Important Role of Nucleo-Cytoplasmic Transport in ALS & Frontotemporal Dementia

Amyotrophic lateral sclerosis (ALS) and frontotemporal dementia (FTD) are two devastating adult-onset neurodegenerative disorders. No cure exists now for these diseases. Ten percent of ALS patients suffer from a familial form of the disease, while FTD is caused, in 40% of patients, by a genetic defect. In 2011, the most important genetic cause of ALS and FTD was discovered. The causative mutation was a repetition of a piece of non-coding DNA, a so-called tandem repeat, in a gene (C9orf72) with an unknown function.
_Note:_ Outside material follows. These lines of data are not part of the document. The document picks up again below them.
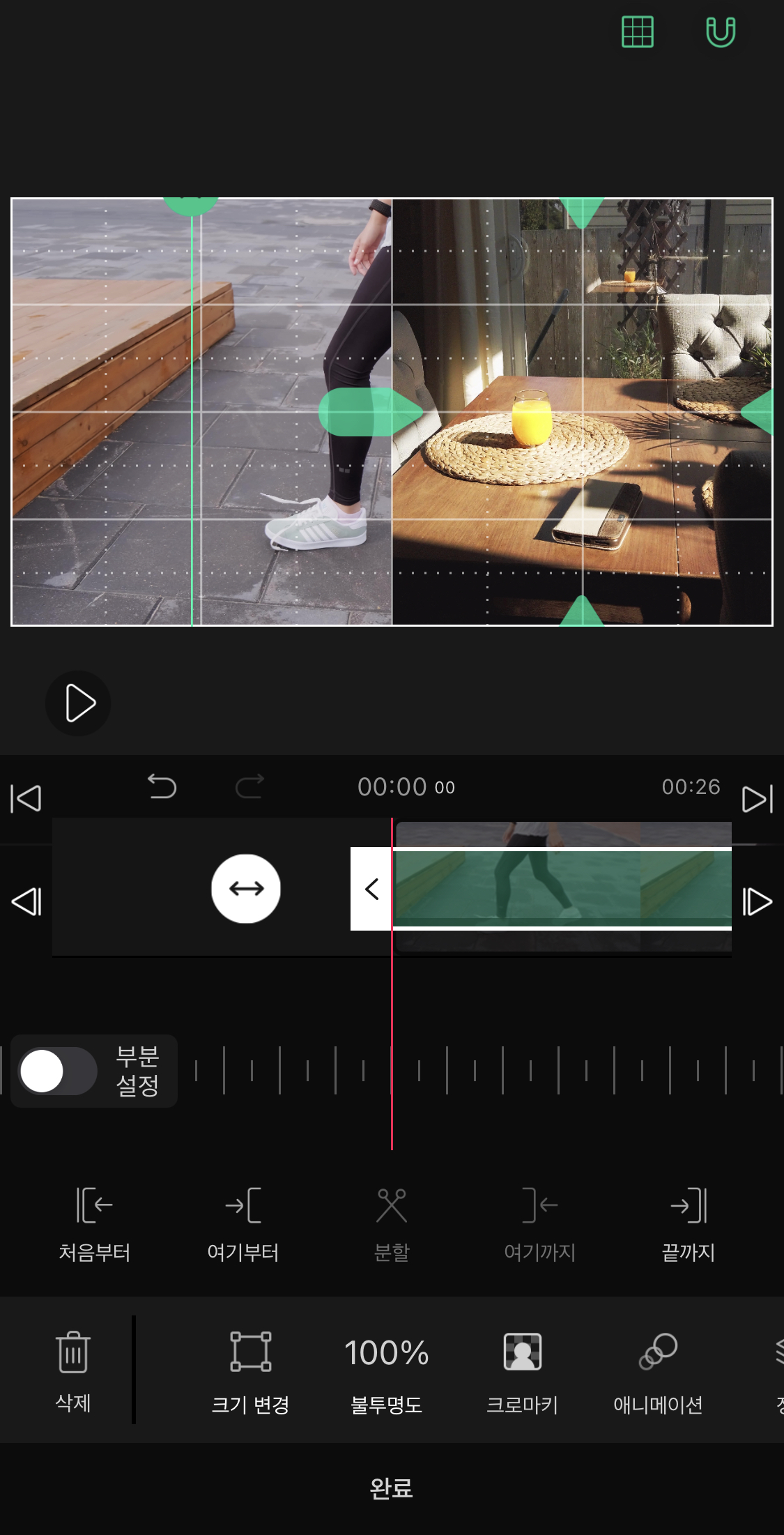 ▼ 새로운 영상 오른쪽 아래에 있는 초록색 화살표를 이용해서 영상의 크기를 화면에 꽉 차게 만들어주세요.
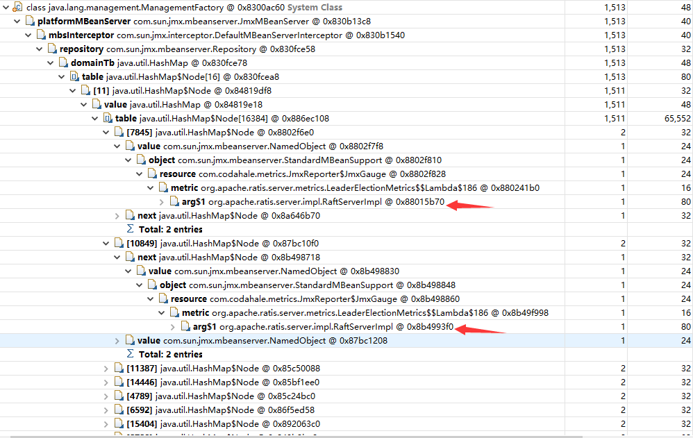 ManagermentFactory->jxmMBeanServer->HashMap, 372 RaftServerImpl were held by
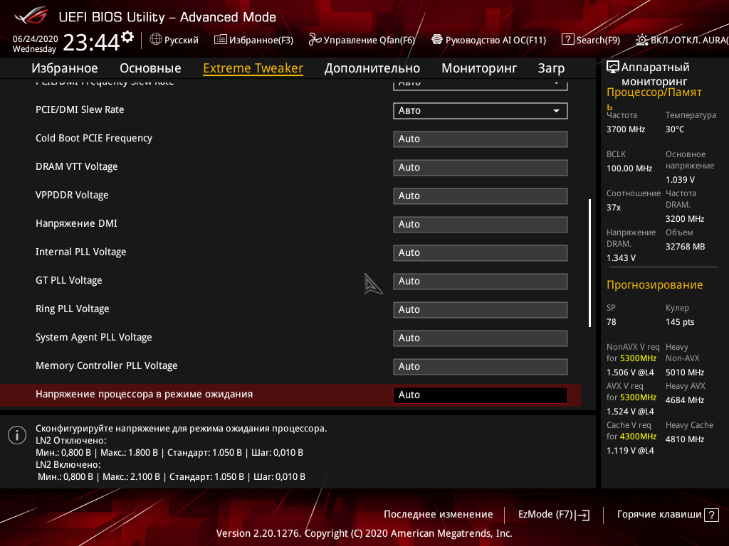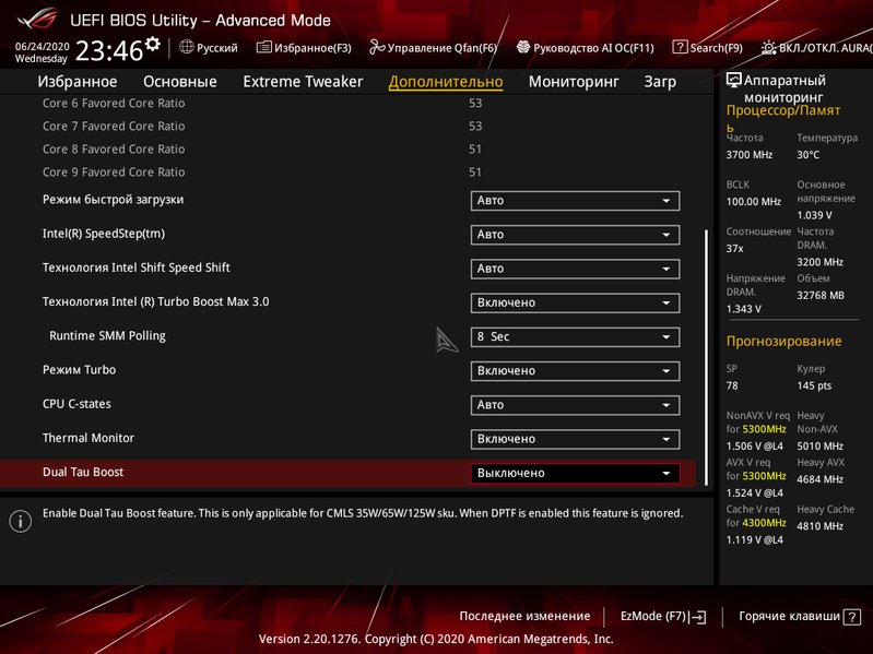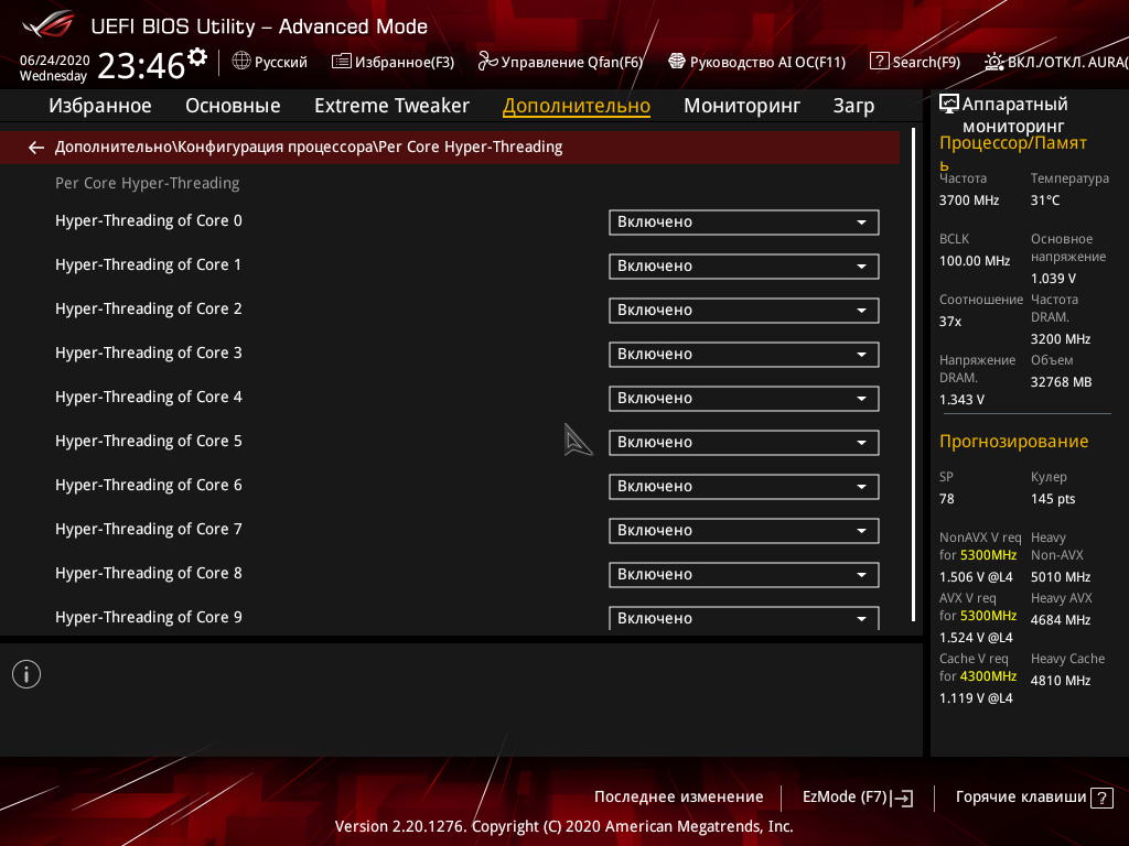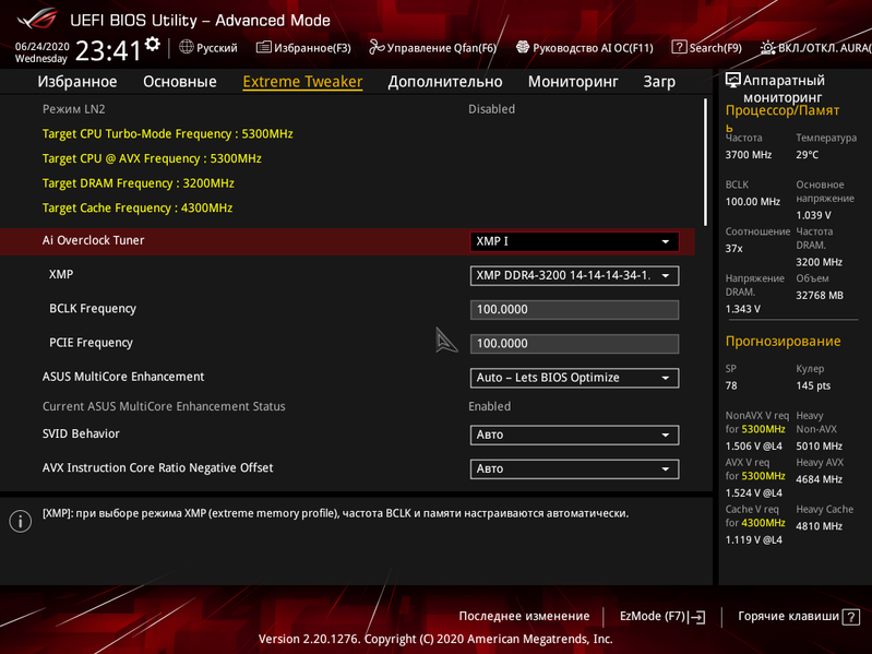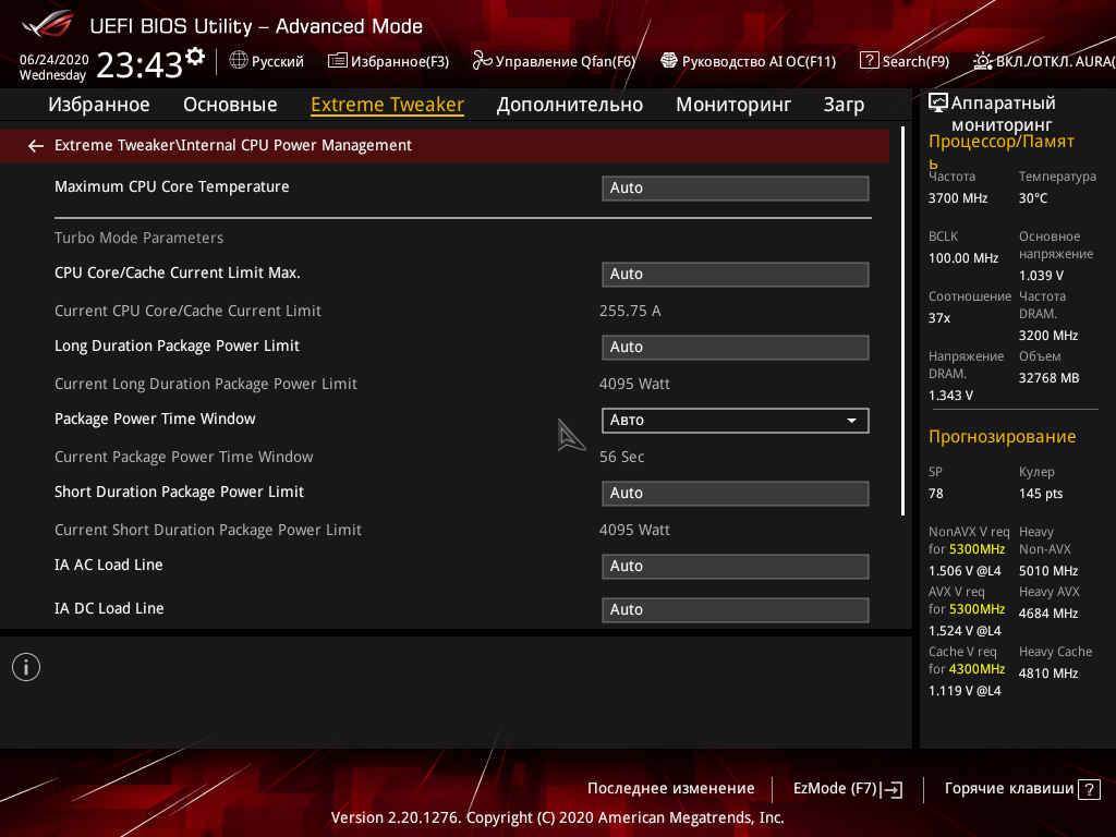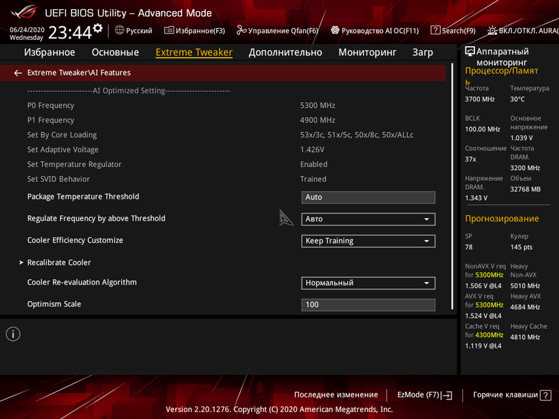 Не густо... Делаем вывод, что само по себе включение AI не включает MCE, интеллектуальный разгон пытается работать в рамках PL2. Удаляем досадный лимит (ставим MCE включенным), и получаем уже 5300 МГц по всем ядрам, однако при этом сильно повысились вольтажи (они на автомате), и образовался перегрев, а значит и троттлинг, поэтому система сбросила частоты до 5,2 ГГц.

A team of scientists from the Vesalius Research Center and the University of Leuven (VIB/KU Leuven) in Belgium have now discovered that proteins translated from this tandem repeat interfere with the nucleo-cytoplasmic transport and they have found that this interference is essential for causing ALS and FTD. The findings are described in a new article published online on February 12, 2016 in Scientific Reports. The open-access article is titled “Drosophila Screen Connects Nuclear Transport Genes to DPR Pathology in c9ALS/FTD.” An earlier paper by the group and published in Nature Neuroscience also bore on the subject of nucleo-cytoplasmic transport in ALS and FTD. Professor Ludo Van Den Bosch (VIB/KU Leuven): “This is the first time that we see a role for nucleocytoplasmic transport for these specific forms of ALS and FTD. Moreover, these insights have a solid basis, because they come from four different scientific angles. It is an important next step in our understanding of these terrible diseases.” In ALS, motor neurons in the motor cortex, brainstem, and spinal cord are affected, while in FTD, cortical neurons in the frontotemporal cortex of the brain degenerate. Patients can have a clinical presentation that is predominantly motor (ALS), predominantly frontotemporal (FTD), or a mixture of both (ALS-FTD).